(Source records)
+ + + +

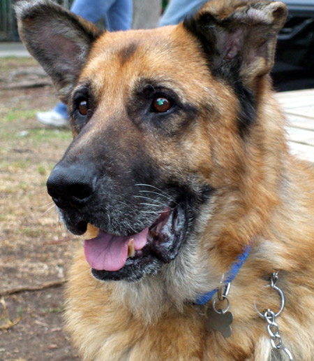 Boomer is about 8 years old. He's potty trained (amazing when you consider this is the first time he's probably ever been in a house) and gets along with the three other shepherds in his foster family. The highlight of Boomer's day is when his foster mom and sister get home. He gets off his bed and greets them at the door. The only things Boomer wants are good food and a warm bed. Will you open your home and heart to our dear, sweet boy?
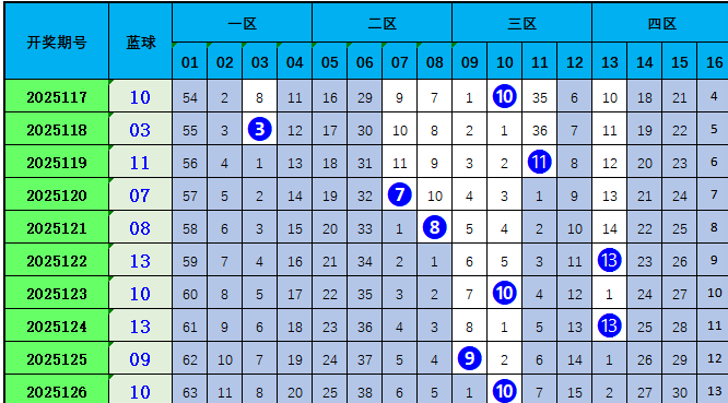 012路分析:蓝球开出1路号码10。
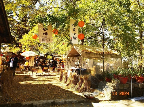 银杏村更像是大自然精心布置的一幅画卷,在晚秋的风之呢喃里,银杏叶在阳光下熠熠生辉,一片诗情画意。
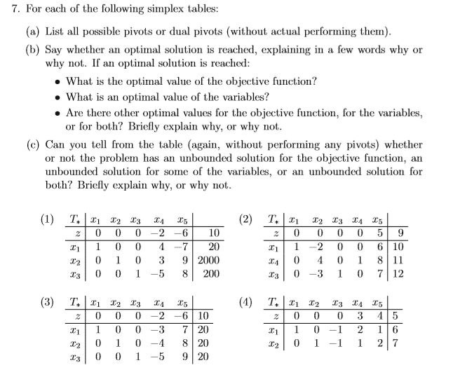 My area of expertise is elsewhere and I do not intent to become expert in the simplex method, just tryitng to understand the steps from my initial problem forumlation Tableau #1, to the final solution Tableau #4, the final solution is correct, btw. I also understand the steps from Tableau #1 to Tableau #2 (I guess that since this is the first step, even without negative values in the bottom row, we want to interate once, so chose smallest value -10). But then why in the next iteration do we chose 20 and not -15? No need to talk me through row manipulations. Could you just explain for me each time, why we choose the pivot coloumn and row? - Thanks a lot! Help is much appreciated on this! I guess in Tableau #1, the equality had to be slpit to two equalities, with slacks, because otherwise there is not a pivot for every row?
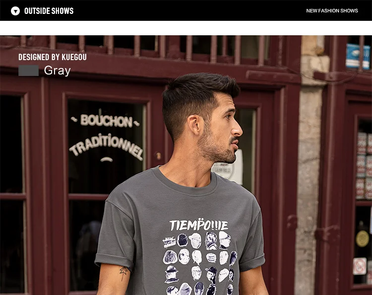 Мужская хлопковая футболка KUEGOU, летняя футболка с коротким рукав...
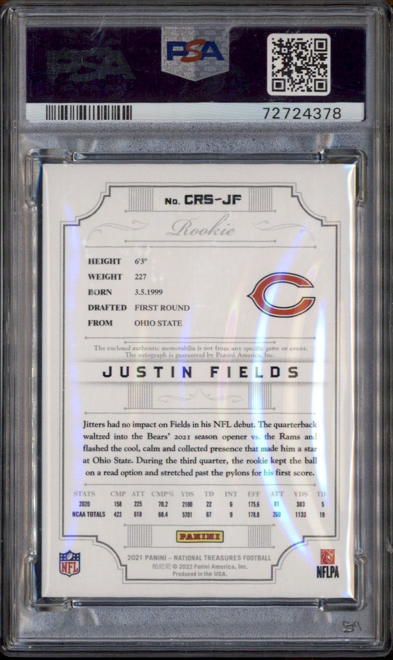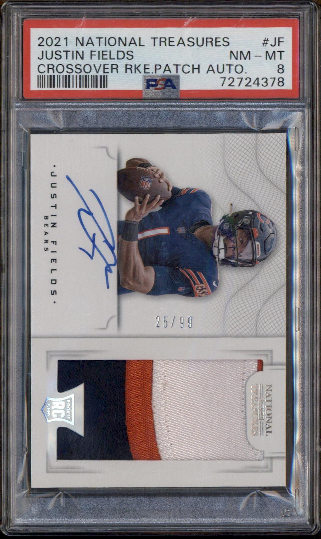 2021 National Treasures Crossover Rookie Patch Auto Justin Fields RC /99 PSA 8
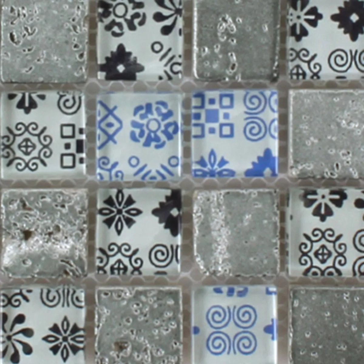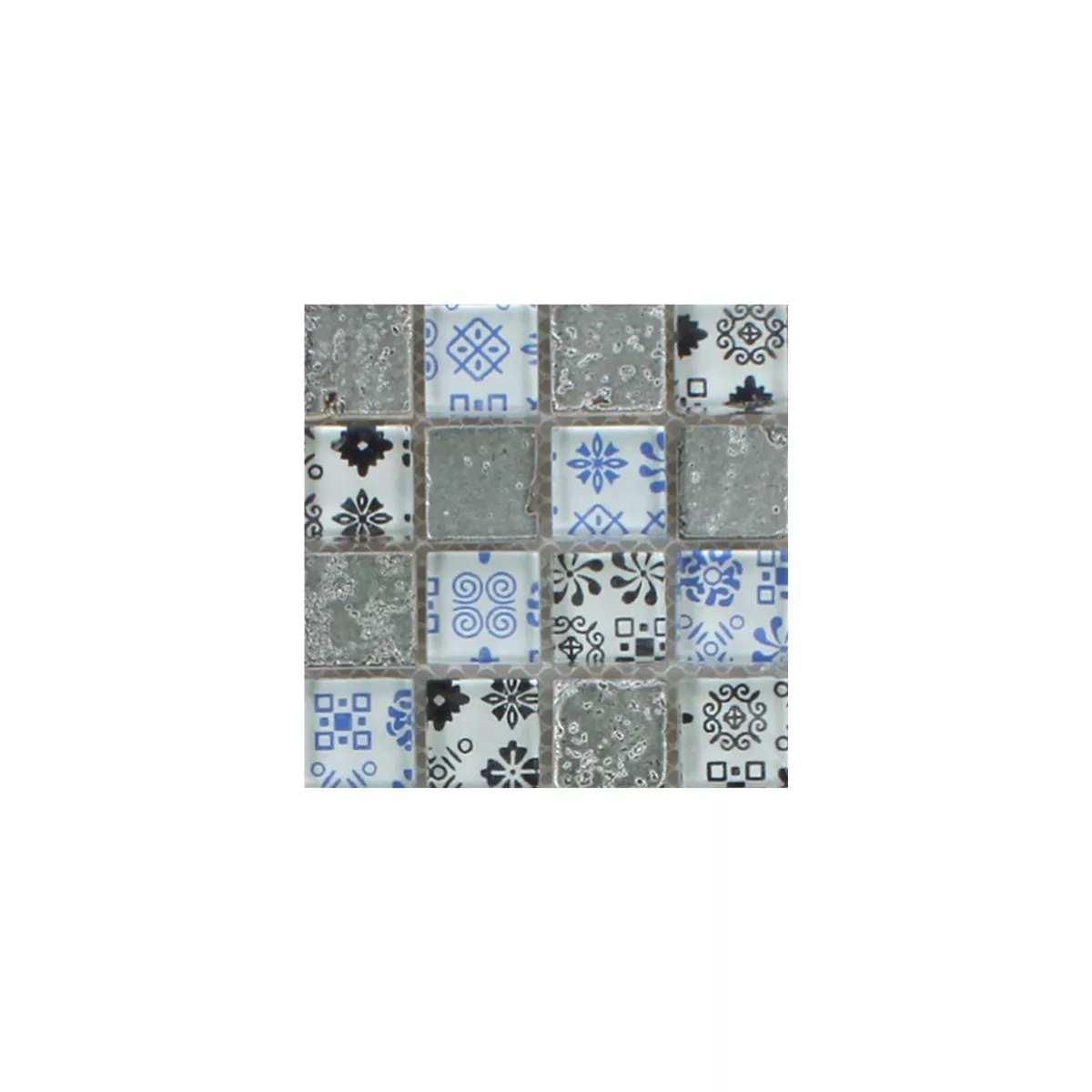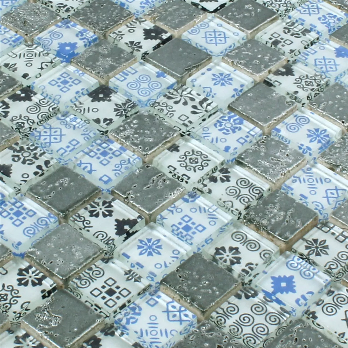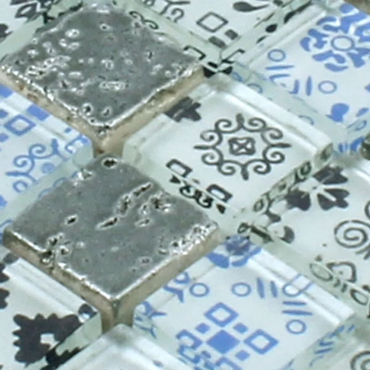 Muestra Azulejos De Mosaico Resina Cristal Belmont Azul Plateado
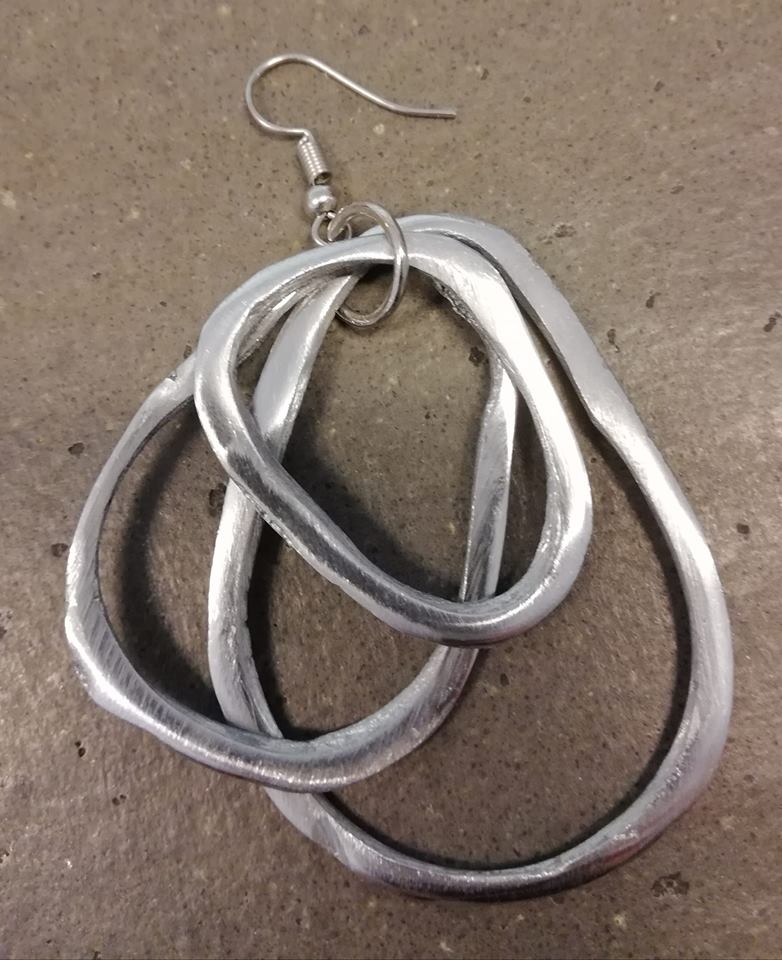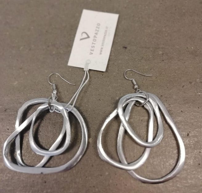 Orecchini con pendente elementi irregolari, leggerissimi, realizzati in 100% alluminio riciclato con gancio ipoallergenico.
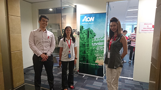 Aon would like to thank SGX Centre’s building management for their generous support and its fellow business associates in the insurance industry for their overwhelming participation. Aon would also like to express appreciation to Singapore Red Cross Society and HSA for making this event possible.
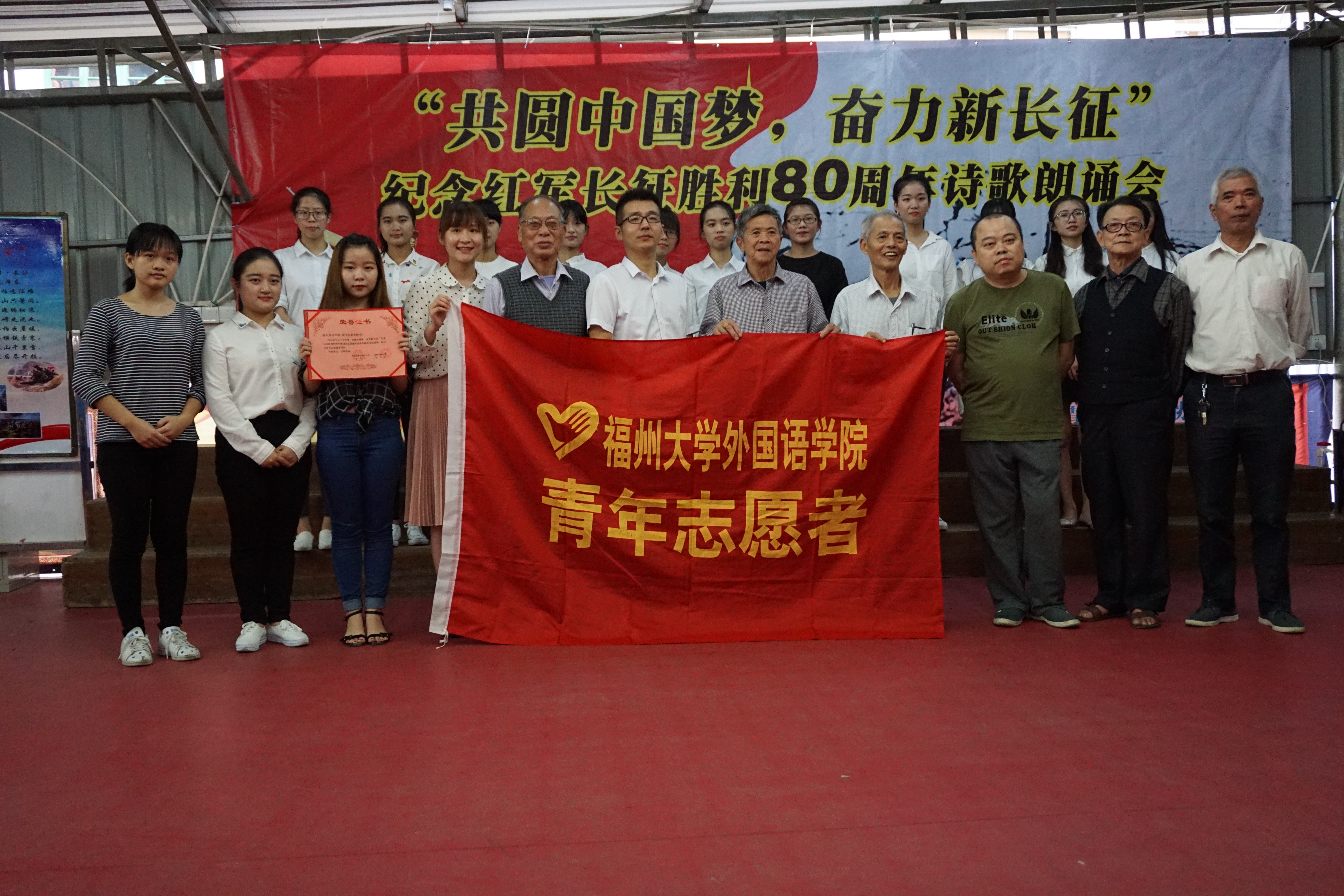 外国语学院、福州市冯宅中心小学、台屿农家书屋和福建工程学院等联合举办的“共圆中国梦,奋力新长征”纪念红军长征胜利80周年诗歌朗诵会在冯宅中心小学顺利举行。来自外国语学院15级英语3班、青年志愿者协会等组织的同学与冯宅中心小学的同学们共同为观众们献上了一场激情饱满的朗诵盛宴。外国语学院团委书记林昕老师莅临本次诗歌朗诵会观看表演。
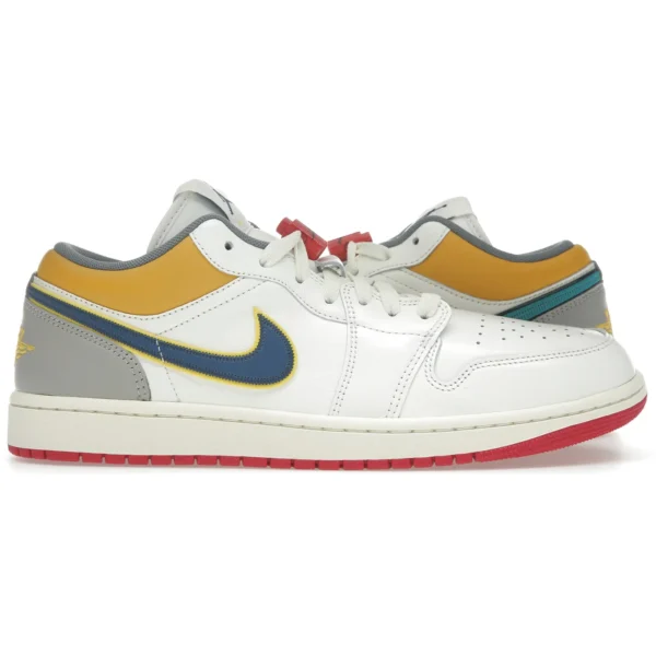The Jordan 1 Low PRM Sail Cashmere dresses the iconic Air Jordan 1 Low silhouette in a neutral Sail and Cashmere colorway with mismatched accents in blue, yellow, and College Grey. Originally designed as a low-top basketball shoe, this version of the AJ 1 low features a premium leather construction with the base, overlays, and eyelets all crafted from the same material. This low-top sneaker, featuring AIR capsules in the soles, also boasts another noteworthy element: plastic lace locks attached to the laces. Borrowed from the Air Jordan 5 and 6, these lace toggles secure the fit and add a pop of red that matches the rubber outsole. Our experts at Newsole appreciate the contrasting colors on the Swoosh logos. For instance, the left shoe showcases a teal and black Swoosh, while the right shoe has a white and blue Swoosh. The Jordan 1 Low PRM Sail Cashmere was released on February 1, 2025, and sold for $155.
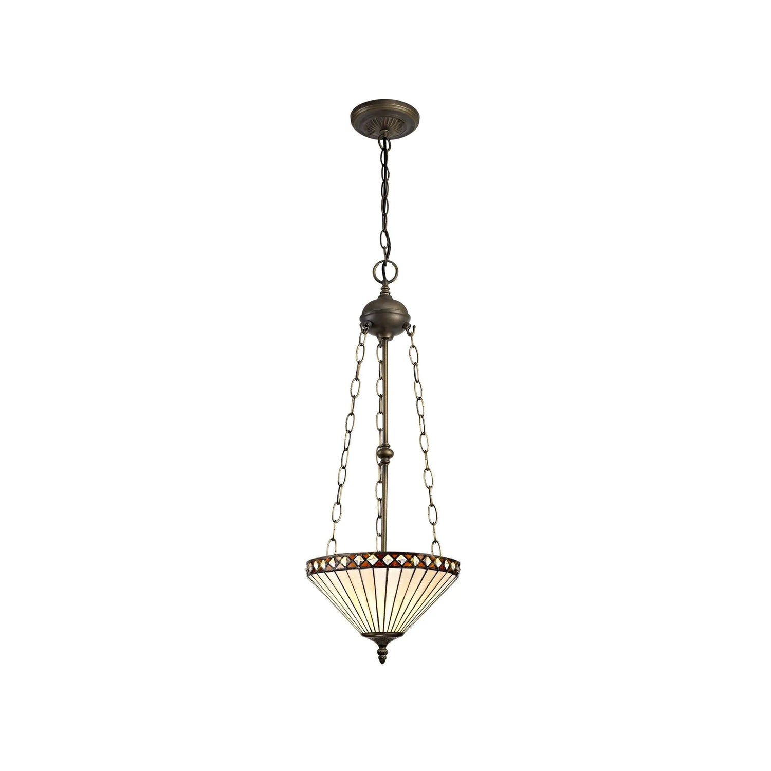 Wearne 3 Light Uplighter Pendant E27 With 30cm Tiffany Shade, Amber/Cream/Crystal/Aged Antique Brass

+ + + +

» **DIRECTIONS FOR THIS TASK**
A faithful reproduction of every entry, with no pictures, is the expected answer.

» **EXPECTED ANSWER**
 Boomer is about 8 years old. He's potty trained (amazing when you consider this is the first time he's probably ever been in a house) and gets along with the three other shepherds in his foster family. The highlight of Boomer's day is when his foster mom and sister get home. He gets off his bed and greets them at the door. The only things Boomer wants are good food and a warm bed. Will you open your home and heart to our dear, sweet boy?
 012路分析:蓝球开出1路号码10。
 银杏村更像是大自然精心布置的一幅画卷,在晚秋的风之呢喃里,银杏叶在阳光下熠熠生辉,一片诗情画意。
 My area of expertise is elsewhere and I do not intent to become expert in the simplex method, just tryitng to understand the steps from my initial problem forumlation Tableau #1, to the final solution Tableau #4, the final solution is correct, btw. I also understand the steps from Tableau #1 to Tableau #2 (I guess that since this is the first step, even without negative values in the bottom row, we want to interate once, so chose smallest value -10). But then why in the next iteration do we chose 20 and not -15? No need to talk me through row manipulations. Could you just explain for me each time, why we choose the pivot coloumn and row? - Thanks a lot! Help is much appreciated on this! I guess in Tableau #1, the equality had to be slpit to two equalities, with slacks, because otherwise there is not a pivot for every row?
 Мужская хлопковая футболка KUEGOU, летняя футболка с коротким рукав...
 2021 National Treasures Crossover Rookie Patch Auto Justin Fields RC /99 PSA 8
 Muestra Azulejos De Mosaico Resina Cristal Belmont Azul Plateado
 Orecchini con pendente elementi irregolari, leggerissimi, realizzati in 100% alluminio riciclato con gancio ipoallergenico.
 Aon would like to thank SGX Centre’s building management for their generous support and its fellow business associates in the insurance industry for their overwhelming participation. Aon would also like to express appreciation to Singapore Red Cross Society and HSA for making this event possible.
 外国语学院、福州市冯宅中心小学、台屿农家书屋和福建工程学院等联合举办的“共圆中国梦,奋力新长征”纪念红军长征胜利80周年诗歌朗诵会在冯宅中心小学顺利举行。来自外国语学院15级英语3班、青年志愿者协会等组织的同学与冯宅中心小学的同学们共同为观众们献上了一场激情饱满的朗诵盛宴。外国语学院团委书记林昕老师莅临本次诗歌朗诵会观看表演。
The Jordan 1 Low PRM Sail Cashmere dresses the iconic Air Jordan 1 Low silhouette in a neutral Sail and Cashmere colorway with mismatched accents in blue, yellow, and College Grey. Originally designed as a low-top basketball shoe, this version of the AJ 1 low features a premium leather construction with the base, overlays, and eyelets all crafted from the same material. This low-top sneaker, featuring AIR capsules in the soles, also boasts another noteworthy element: plastic lace locks attached to the laces. Borrowed from the Air Jordan 5 and 6, these lace toggles secure the fit and add a pop of red that matches the rubber outsole. Our experts at Newsole appreciate the contrasting colors on the Swoosh logos. For instance, the left shoe showcases a teal and black Swoosh, while the right shoe has a white and blue Swoosh. The Jordan 1 Low PRM Sail Cashmere was released on February 1, 2025, and sold for $155.
 Wearne 3 Light Uplighter Pendant E27 With 30cm Tiffany Shade, Amber/Cream/Crystal/Aged Antique Brass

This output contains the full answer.